═════ Excerpted data

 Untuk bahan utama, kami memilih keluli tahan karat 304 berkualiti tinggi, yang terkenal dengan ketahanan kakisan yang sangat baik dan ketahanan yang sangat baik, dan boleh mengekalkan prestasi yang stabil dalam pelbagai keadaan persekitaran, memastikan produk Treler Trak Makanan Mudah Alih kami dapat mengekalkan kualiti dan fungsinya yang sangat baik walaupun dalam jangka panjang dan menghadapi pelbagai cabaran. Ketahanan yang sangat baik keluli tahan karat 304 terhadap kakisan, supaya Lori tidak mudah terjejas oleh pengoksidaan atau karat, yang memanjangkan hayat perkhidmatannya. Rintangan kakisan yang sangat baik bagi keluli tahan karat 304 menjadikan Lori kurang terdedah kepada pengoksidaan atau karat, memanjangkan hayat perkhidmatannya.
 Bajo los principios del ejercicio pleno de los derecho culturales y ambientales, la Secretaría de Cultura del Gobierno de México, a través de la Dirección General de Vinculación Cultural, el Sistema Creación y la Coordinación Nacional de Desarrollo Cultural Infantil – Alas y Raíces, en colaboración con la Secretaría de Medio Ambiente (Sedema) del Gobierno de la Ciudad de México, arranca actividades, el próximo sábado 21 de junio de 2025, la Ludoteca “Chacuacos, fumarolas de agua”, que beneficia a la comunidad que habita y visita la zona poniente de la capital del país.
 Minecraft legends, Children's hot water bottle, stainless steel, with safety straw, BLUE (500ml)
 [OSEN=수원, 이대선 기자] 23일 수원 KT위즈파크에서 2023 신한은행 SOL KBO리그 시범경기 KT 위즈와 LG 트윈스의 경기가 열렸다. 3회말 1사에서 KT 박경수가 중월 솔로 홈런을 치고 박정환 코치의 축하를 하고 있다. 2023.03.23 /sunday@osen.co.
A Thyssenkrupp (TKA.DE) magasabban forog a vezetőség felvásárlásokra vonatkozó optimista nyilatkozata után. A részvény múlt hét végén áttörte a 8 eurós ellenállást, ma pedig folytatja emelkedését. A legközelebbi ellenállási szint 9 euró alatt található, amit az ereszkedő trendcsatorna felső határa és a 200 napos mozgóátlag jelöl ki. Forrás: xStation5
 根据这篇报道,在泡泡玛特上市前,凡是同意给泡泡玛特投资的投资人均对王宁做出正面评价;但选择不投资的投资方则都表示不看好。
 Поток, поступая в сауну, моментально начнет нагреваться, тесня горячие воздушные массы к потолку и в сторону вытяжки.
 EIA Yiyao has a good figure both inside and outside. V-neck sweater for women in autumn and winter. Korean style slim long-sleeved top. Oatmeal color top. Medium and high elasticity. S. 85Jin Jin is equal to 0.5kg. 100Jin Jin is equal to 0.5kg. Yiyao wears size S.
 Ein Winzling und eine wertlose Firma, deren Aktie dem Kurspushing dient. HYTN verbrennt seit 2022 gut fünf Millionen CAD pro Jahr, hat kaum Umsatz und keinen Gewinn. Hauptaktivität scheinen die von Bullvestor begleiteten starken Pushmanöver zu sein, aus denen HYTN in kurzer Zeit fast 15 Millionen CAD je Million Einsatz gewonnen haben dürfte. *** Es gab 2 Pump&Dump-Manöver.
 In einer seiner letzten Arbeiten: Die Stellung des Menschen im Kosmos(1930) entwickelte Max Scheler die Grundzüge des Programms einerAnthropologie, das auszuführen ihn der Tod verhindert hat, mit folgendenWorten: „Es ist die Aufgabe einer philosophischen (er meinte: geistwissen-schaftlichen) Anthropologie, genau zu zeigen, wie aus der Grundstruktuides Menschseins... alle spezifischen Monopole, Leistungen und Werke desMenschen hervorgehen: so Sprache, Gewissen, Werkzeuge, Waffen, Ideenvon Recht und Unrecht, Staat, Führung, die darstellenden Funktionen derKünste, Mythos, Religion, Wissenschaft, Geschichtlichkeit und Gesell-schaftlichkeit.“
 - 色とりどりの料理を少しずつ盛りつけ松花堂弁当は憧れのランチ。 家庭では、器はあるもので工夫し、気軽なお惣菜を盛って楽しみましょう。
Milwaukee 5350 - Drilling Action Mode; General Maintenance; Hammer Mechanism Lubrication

══════════

Retype the portion of the data above that starts on the line with "根据这篇报道,在泡泡玛特上市" and finishes on the line with "Поток, поступая в", including both of those lines.

 根据这篇报道,在泡泡玛特上市前,凡是同意给泡泡玛特投资的投资人均对王宁做出正面评价;但选择不投资的投资方则都表示不看好。
 Поток, поступая в сауну, моментально начнет нагреваться, тесня горячие воздушные массы к потолку и в сторону вытяжки.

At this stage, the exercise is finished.